Pleased To Meet Me (1987)
Status quo, except the production's better, and the band's mainly a three-piece with a few guests. Would "Alex Chilton" have been their big hit single had it been about something other than, well, Alex Chilton? O.K., probably not. Nonetheless, in the tradition of "Sir Duke" and "Jackie Wilson Said (I'm In Heaven When You Smile)," it's one of the great musical tributes from a current master to one from the previous generation. Basic pop thrills abound, "Never Mind" and "The Ledge" among them. "Can't Hardly Wait" adds a horn section as well as guitar fills from the aforementioned Mr. Chilton. The boys go lounge in "Nightclub Jitters," while the gorgeous "Skyway" is Westerberg's nearly successful attempt at rewriting McCartney's "Yesterday." Few bands have a better third-best album.

Don't Tell A Soul (1989)
The formula was not exactly stale at this point, though it would be a stretch to say they broke new ground here.
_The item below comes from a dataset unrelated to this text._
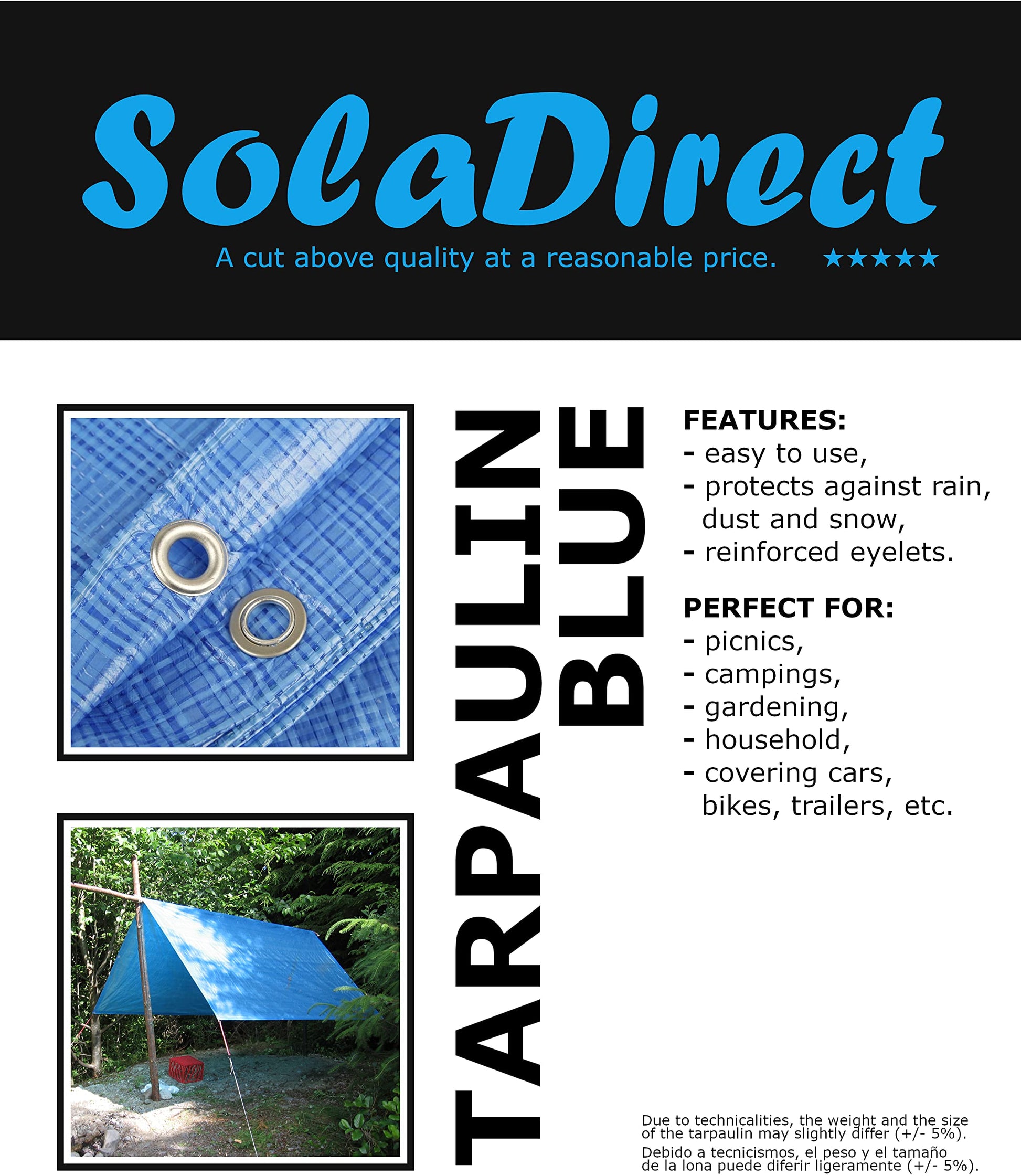 - 4 x 6 m Tarpaulin Waterproof Cover Ground Sheet Camping Multipurpose Furniture Caravan with 4 Tarp Clips and 10 m / 32 ft Black Bungee Cord (Blue – 50 GSM).

In retrospect, though, while Soul took somewhat deserved flack for being a tad slicker than previous outings, that's just nitpicking about The Replacements' fourth consecutive 11-song mini-masterpiece. "I'll Be You" and the rootsy "Achin' To Be" almost were hits, but weren't. "Talent Show" was basically a rewrite of "Alex Chilton," but they did get to play it at some awards show. Whatever. This album got them a tour slot opening up for Tom Petty, who promptly thanked them by stealing the line about "a rebel without a clue" from "I'll Be You" for his own "Into The Great Wide Open."

All Shook Down (1990)
The criminally underrated swan song. Just how much Paul, Tommy, Chris, and Slim play together as a unit on this is a matter of some dispute. Regardless, most bands would give a hell of a lot to bow out with such a classy, great-sounding set of well-crafted songs. No less than seven pop/rock gems which could have cracked the top five in some really cool alternate universe reside here. A sign of age: "When It Began" finds Paul looking back in a way that was truly unimaginable on Sorry Ma. There's also the achingly pretty "Sadly Beautiful" with John Cale on cello, a duet with Johnette Napolitano from Concrete Blonde, and a pair of perfect two-minute character sketches, "Attitude" and "Torture." The set, and the band's recording career, closes with the piano ballad "The Last," proving once and for all that the guy who wrote "I Hate Music" is really one hell of a sentimentalist after all.